Комната с пианино, столовая, чей-то, кажется, кабинет, шкафы, книги, посуда, прочая антикварная дрянь, и вот я уже видела лестницу и вбежала в последнюю из вереницы изысканных комнат, полураздетая, только юбка мешалась и рубаха кое-как прикрывала мне грудь. В полумраке, среди нервного света свечей, я натолкнулась как на невидимую стену на деревянный стол с покрытой красной тканью домовиной и на остолбеневшего невзрачного мужичка в красной шапочке и красном же одеянии.
Я не знала, как проскочить мимо этого мужичка, вроде бы хлипкого, немощного, но неприятно подчиняющего своей воле. Детский крик рвал мне сердце, грудь тянуло от молока, а мужичок, не торопясь положив рядом с гробом две палочки с набалдашниками, преспокойно кивнул и потянул красную ткань.
— Что ж, Вера Андреевна, попрощайтесь.
В гробу лежал мужчина, и я равнодушно мазнула по нему взглядом. Мужичок больше не преграждал мне путь, я бросилась к детям.
Лестница была деревянной и мне показалась бесконечной и ужасающе скользкой. Но, конечно, мне все еще было плохо, я хваталась за полированные перила и стремилась наверх. Комната, еще одна, и вот я добралась и без сил сползла по стенке, зажав рот рукой, чтобы не закричать.
Всего пара секунд, и я отняла руку и сплюнула на пол желчь, утерлась рукавом, поднялась, подошла к колыбельке, разодрала рубаху, стащила ее с плеч и взяла малыша. Он сразу затих, вцепился в мои мокрые волосы крохотной сильной ручкой. Я чувствовала взгляды — в детской была темнота, но в соседней комнате трепыхалась единственная свеча, — и обернулась.
Слезы бывают и сладкими, боль — исцеляющей. Дети уже молчали, стояли в кроватках и не отрываясь смотрели на меня. Их было трое, если не считать грудничка, и я навскидку решила, что старшему мальчонке лет пять, а мальчик и девочка, близнецы, где-то на год моложе.
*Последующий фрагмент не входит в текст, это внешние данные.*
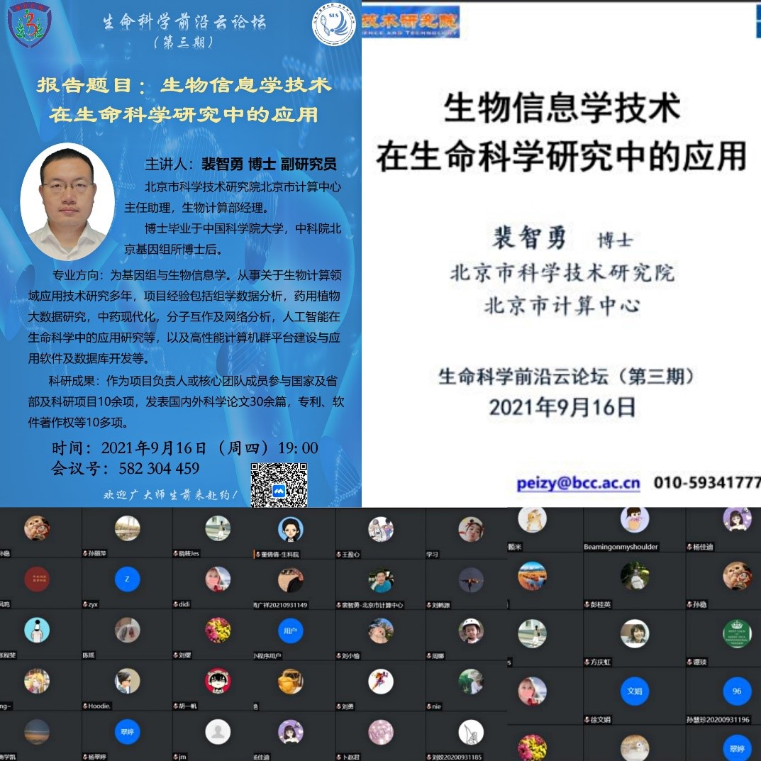 威廉体育williamhill为使科研人员能有更多渠道进行学术沟通与交流,自2021年6月以来,推出了“生命科学前沿云论坛”系列线上学术报告活动,受到公司内外广大师生一致好评。2021年9月16日,第三期成功举办。此次论坛,公司邀请到了北京市科学技术研究院北京市计算中心主任助理,生物计算部经理裴智勇副研究员,带来一场题为“生物信息学技术在生命科学研究中的应用”的学术报告,公司内外近90名师生线上聆听,威廉体育williamhill张成岗教授担任主持人。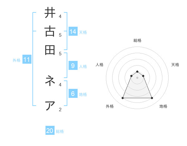 井古田 ネアさんを姓名の画数から五運を鑑定
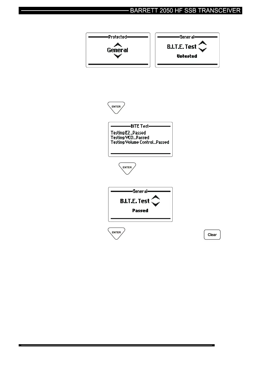 This section runs the transceiver’s Built-in Test Equipment (B.I.T.E.) tests. The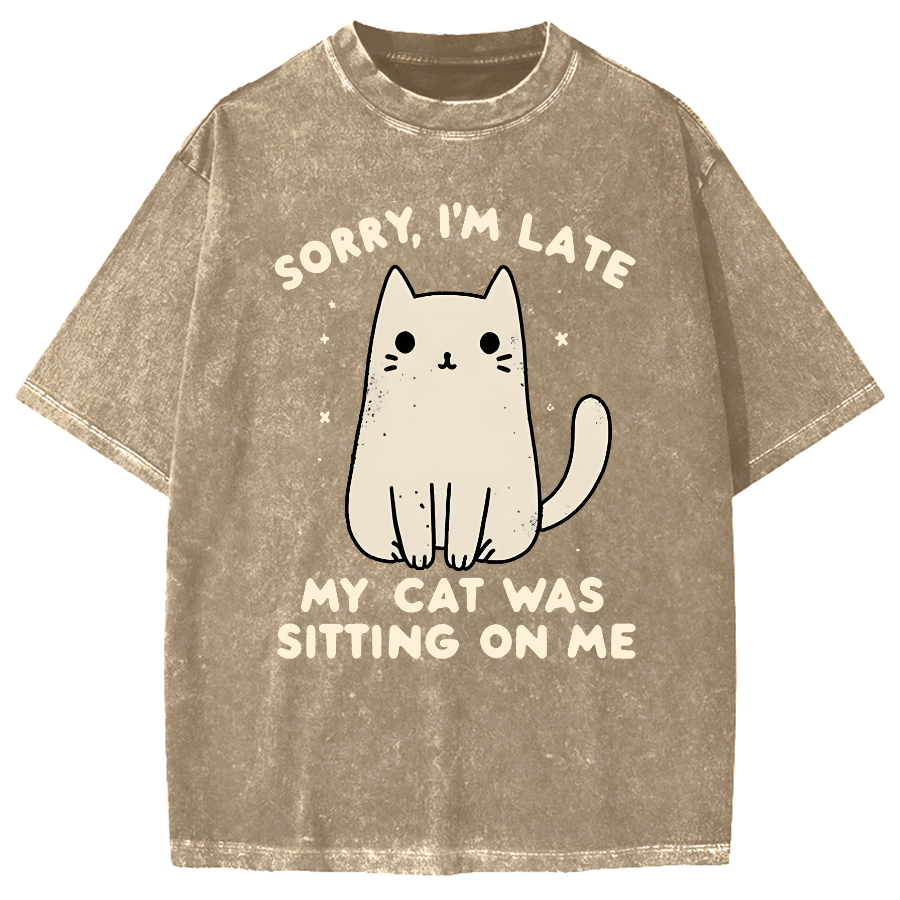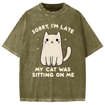 Sorry I'm Late My Cat Was Sitting On Me Vintage Washed T-shirt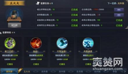 玩家们在游戏中可以升级自己的官爵,解锁不同的特权,官爵等级越高,特权解锁的越多,官爵解锁条件全部达成后可提升官爵,官爵不同,完成的条件也不同。官爵特权激活需要消耗对应道具。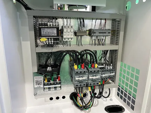 Электрощит интегрируется в специально разработанный звукопоглощающий кожух, выполненный таким образом, чтобы обеспечить удобный доступ ко всем внутренним элементам электрощита, включая автоматические выключатели, предохранители и прочие элементы электроснабжения. Техническое обслуживание и ремонт устройств внутри щитка значительно упрощается.

— Я здесь, я пришла, — прошептала я, садясь с малышом на подвернувшуюся скамеечку. — Я больше никуда не уйду.
Младенцу было около года, и это был крепкий, здоровый, тяжелый бутуз. Он без малейших затруднений впился мне в грудь, и я ойкнула от его хватки.
— Мама, — прошептал старший мальчик, — мама, случилось плохое?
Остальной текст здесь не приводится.